───── WORKING DATA
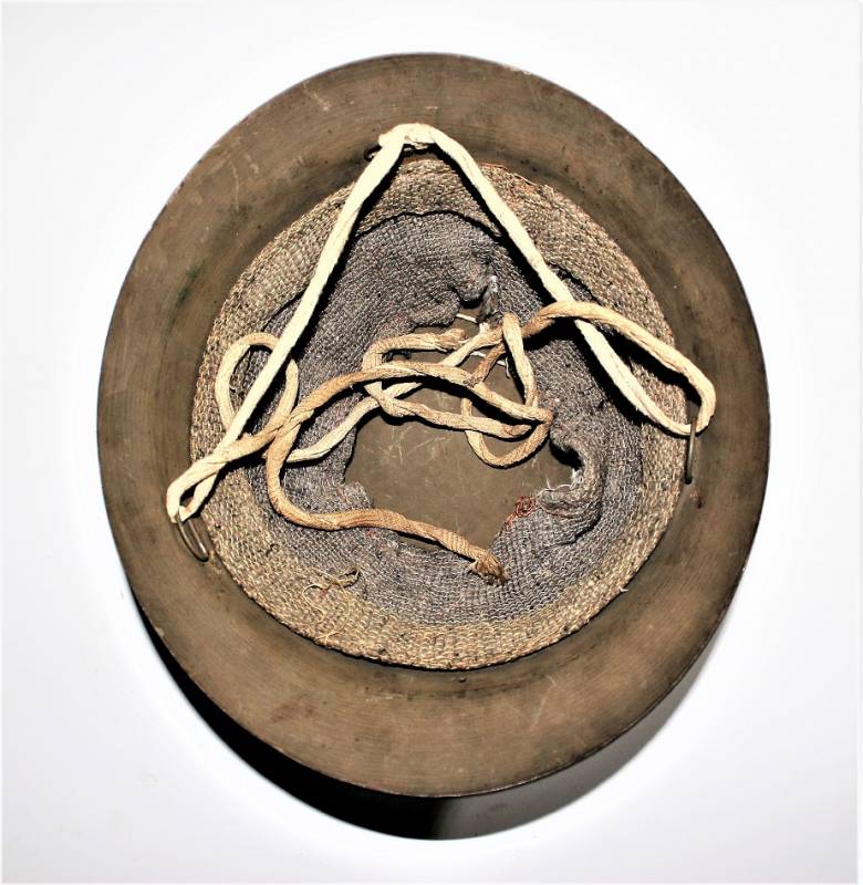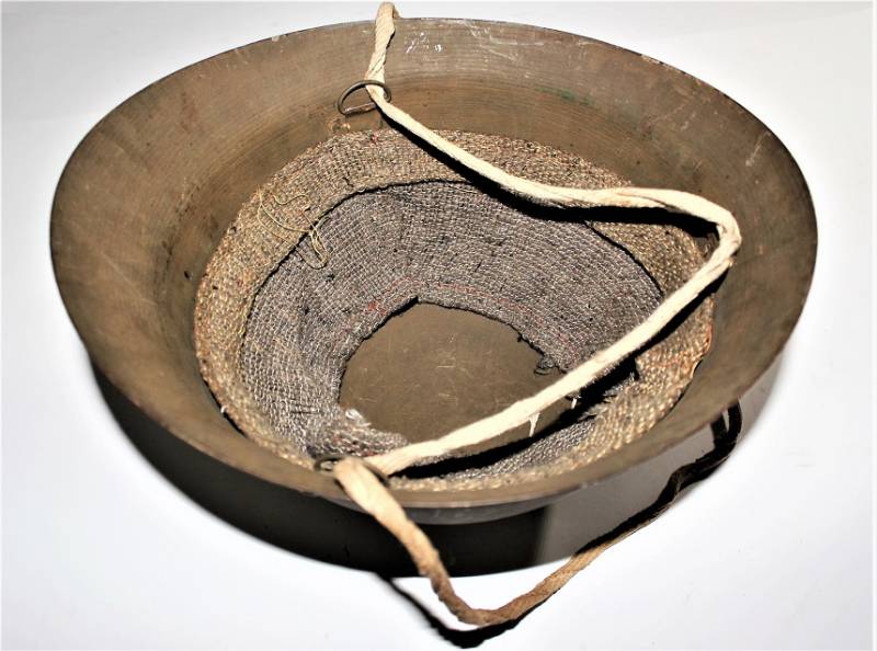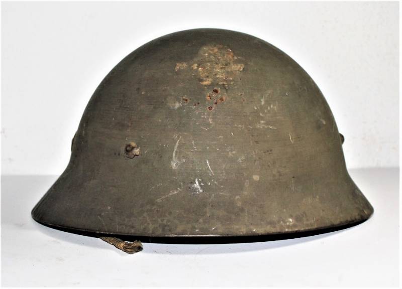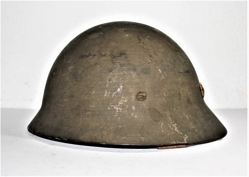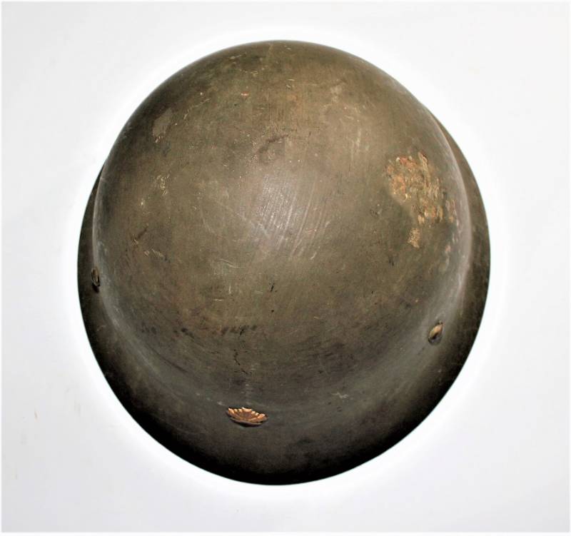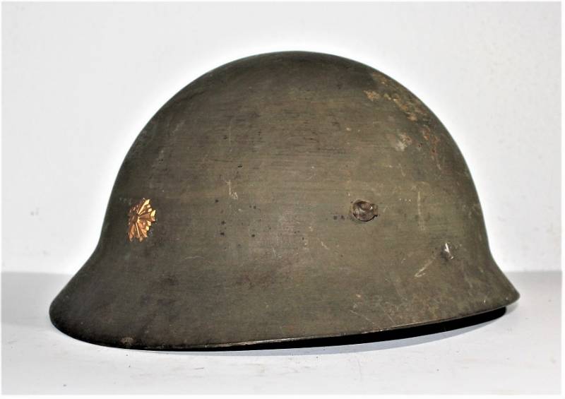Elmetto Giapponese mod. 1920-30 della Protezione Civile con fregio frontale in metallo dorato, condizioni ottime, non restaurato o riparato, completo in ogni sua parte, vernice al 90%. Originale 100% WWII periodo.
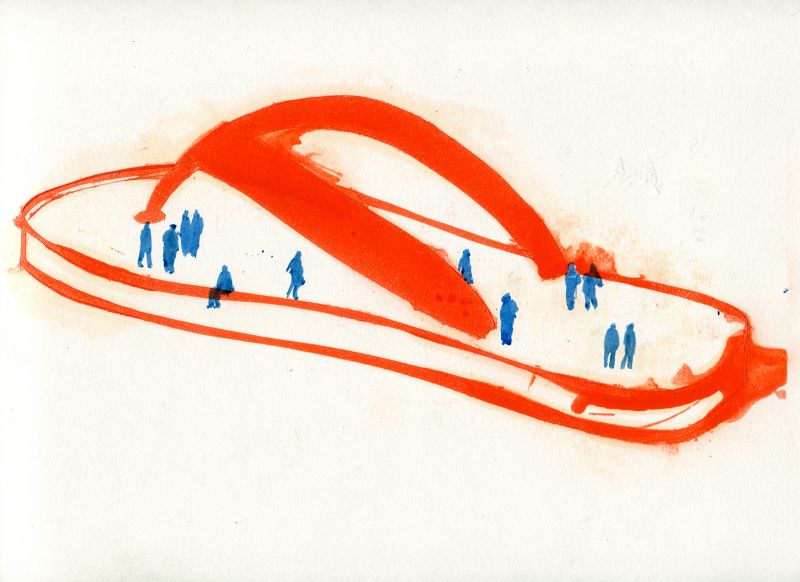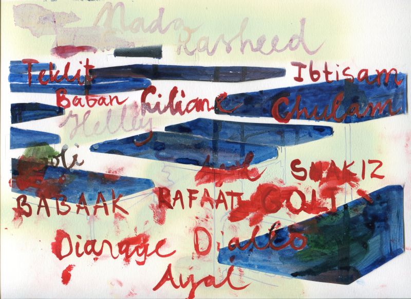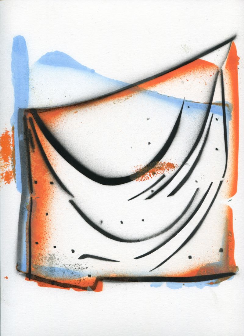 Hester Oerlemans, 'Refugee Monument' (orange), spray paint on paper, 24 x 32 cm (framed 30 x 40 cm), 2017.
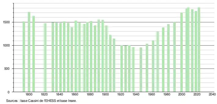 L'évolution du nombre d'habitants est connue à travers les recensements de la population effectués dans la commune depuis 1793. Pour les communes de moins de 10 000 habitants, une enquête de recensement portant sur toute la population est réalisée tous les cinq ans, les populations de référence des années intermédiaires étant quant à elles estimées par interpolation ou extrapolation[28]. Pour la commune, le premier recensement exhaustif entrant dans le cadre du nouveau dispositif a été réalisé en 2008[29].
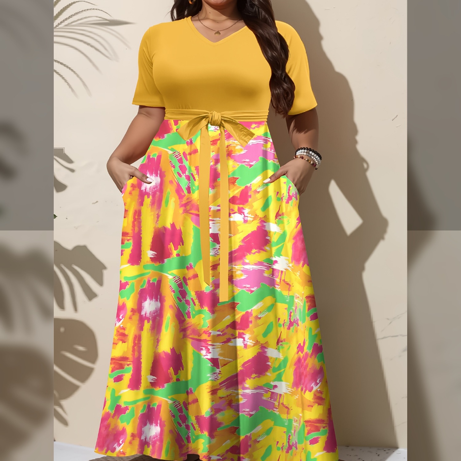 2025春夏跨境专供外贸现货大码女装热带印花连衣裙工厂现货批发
──────────
───── WORKING DATA
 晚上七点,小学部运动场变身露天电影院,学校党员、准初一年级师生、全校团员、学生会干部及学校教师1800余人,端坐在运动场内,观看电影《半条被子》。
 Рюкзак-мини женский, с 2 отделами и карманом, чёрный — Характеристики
──────────
▸ BRIEF: In the listing above, find the line containing "晚上七点,小学部运动场变身露" and the line containing "Рюкзак-мини женский, с", then retype both and every line between them exactly, with nothing else.

▸ SOLUTION:
 晚上七点,小学部运动场变身露天电影院,学校党员、准初一年级师生、全校团员、学生会干部及学校教师1800余人,端坐在运动场内,观看电影《半条被子》。
 Рюкзак-мини женский, с 2 отделами и карманом, чёрный — Характеристики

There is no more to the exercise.